E só me reencontrar

Duma Alice lendo o “Pequeno Príncipe”:

“Depois, refletiu ainda ‘Eu me julgava rico por ter uma flor única, e possuo apenas uma rosa comum. Uma rosa e três vulcões que não passam do meu joelho, estando um, talvez, extinto para sempre. Isso não faz de mim um príncipe muito poderoso…’

E, deitado na relva, ele chorou.”

“Tu não és ainda para mim senão um garoto inteiramente igual a cem mil garotos. E eu não tenho necessidade de ti. E tu também não tens necessidade de mim. Não passo de uma raposa igual a cem mil outras raposas. Mas, se tu me cativas, nós teremos necessidade um do outro. Serás pra mim único no mundo…”

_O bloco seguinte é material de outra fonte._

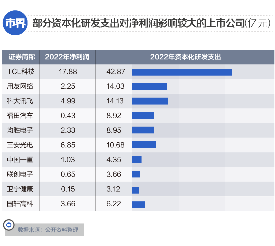 如下图所示,均为2022年净利润为正,资本化研发支出金额大于净利润金额,且差额大于2亿元的上市公司。
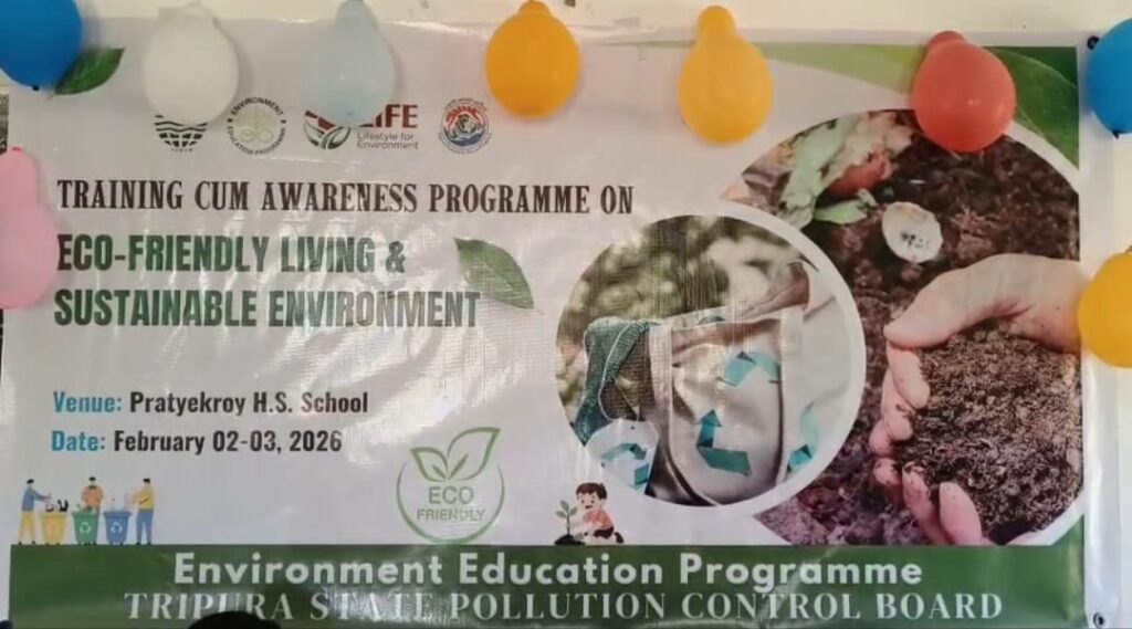 রমেন্দ্র গোস্বামী, ধর্মনগর, ০৩ ফেব্রুয়ারি :- পরিবেশ সুরক্ষা ও টেকসই উন্নয়নের বার্তা নিয়ে উত্তর জেলার অন্তর্গত প্রত্যেকরায় উচ্চ বিদ্যালয়ে শুরু হল দুইদিনব্যাপী “ইকো-ফ্রেন্ডলি লিভিং অ্যান্ড সাসটেইনেবল এনভায়রনমেন্ট” বিষয়ক প্রশিক্ষণ ও সচেতনতা কর্মসূচি। ত্রিপুরা রাজ্য দূষণ নিয়ন্ত্রণ পর্ষদের উদ্যোগে এবং পরিবেশ শিক্ষা কর্মসূচির আওতায় এই অনুষ্ঠানটি অনুষ্ঠিত হয় ২ ও ৩ ফেব্রুয়ারি। অনুষ্ঠানে উপস্থিত শিক্ষার্থী ও শিক্ষক – শিক্ষিকাদের পরিবেশবান্ধব জীবনযাপনের নানা দিক সম্পর্কে বিস্তারিতভাবে অবহিত করা হয়। প্লাস্টিক বর্জ্য ব্যবস্থাপনা, জৈব সার ব্যবহার, বৃক্ষরোপণের গুরুত্ব, জল সংরক্ষণ ও পুনর্ব্যবহারযোগ্য সামগ্রীর ব্যবহার নিয়ে
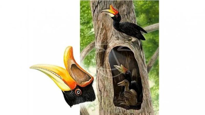 During this period, the mother hornbill uses her feces to block the entrance of the nest, keeping predators away.

“Mas, quando chegou a hora da partida, a raposa disse:

– Ah! Eu vou chorar.
– A culpa é tua – disse o principezinho – Eu não queria te fazer mal; mas tu quiseste que eu te cativasse…
– Quis – disse a raposa.
– Mas tu vais chorar! – disse ele.
– Vou – disse a raposa.
– Então não terás ganho nada!
– Terei, sim – disse a raposa – por causa da cor do trigo.
Depois ela acrescentou:
– Vai rever as rosas. Assim compreenderás que a tua é a única no mundo. Tu voltarás pra me dizer adeus, e eu te presentarei um segredo.”

“- Adeus – disse a raposa – Eis o meu segredo. É muito simples: só se vê bem com o coração. O essencial é invisível aos olhos.”

“- Tu te tornas eternamente responsável por aquilo que cativas.”